Material provided:
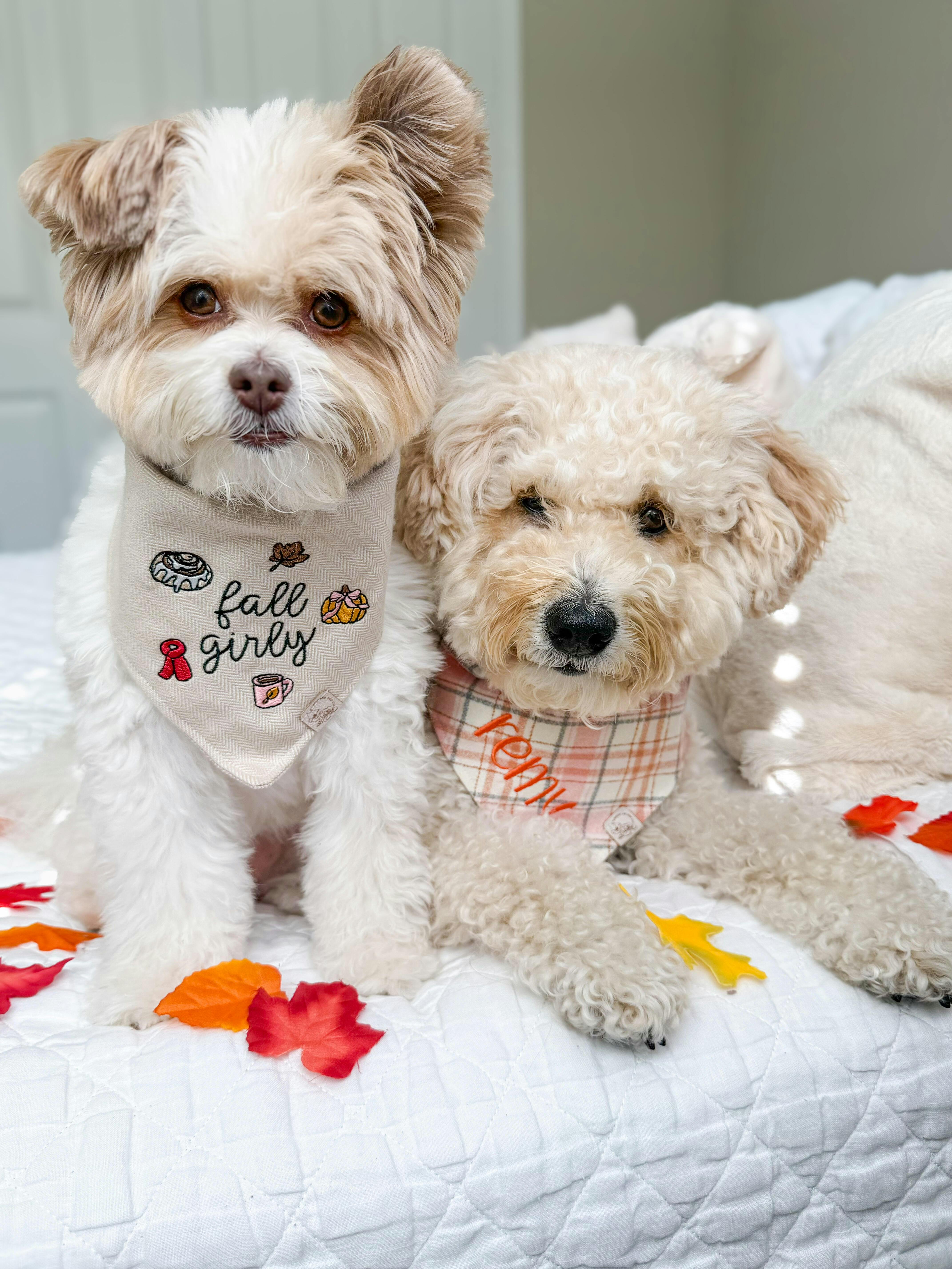 These embroidered styles are made with a soft cream colored herringbone flannel and feature the coziest icons (cinnamon roll, coffee mug, pumpkin, falling leaves, and a classic red scarf (any Taylor fans?😉). Available with either the phrase "Fall Girly" or "Cozy Club" stitched in the center. Use the text box to indicate which design you would like.
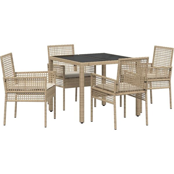 vidaXL 5-delt havedining sæt med hynder beige polyrattan
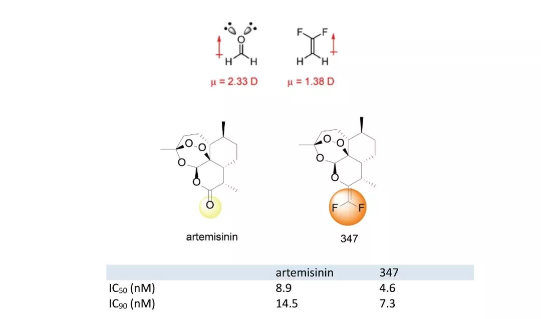法国国家科研中心的Magueur G团队将青蒿素的羰基用1,1-二氟乙烯基替代得到化合物347,使药效活性提高近两倍。(J. Fluorine Chem. 2006, 127, 637−642.)

What to do:
From the line with "vidaXL 5-delt havedining" to the last line above, restate each line word for word, but skip the pictures.

Exercise answer:
 vidaXL 5-delt havedining sæt med hynder beige polyrattan
法国国家科研中心的Magueur G团队将青蒿素的羰基用1,1-二氟乙烯基替代得到化合物347,使药效活性提高近两倍。(J. Fluorine Chem. 2006, 127, 637−642.)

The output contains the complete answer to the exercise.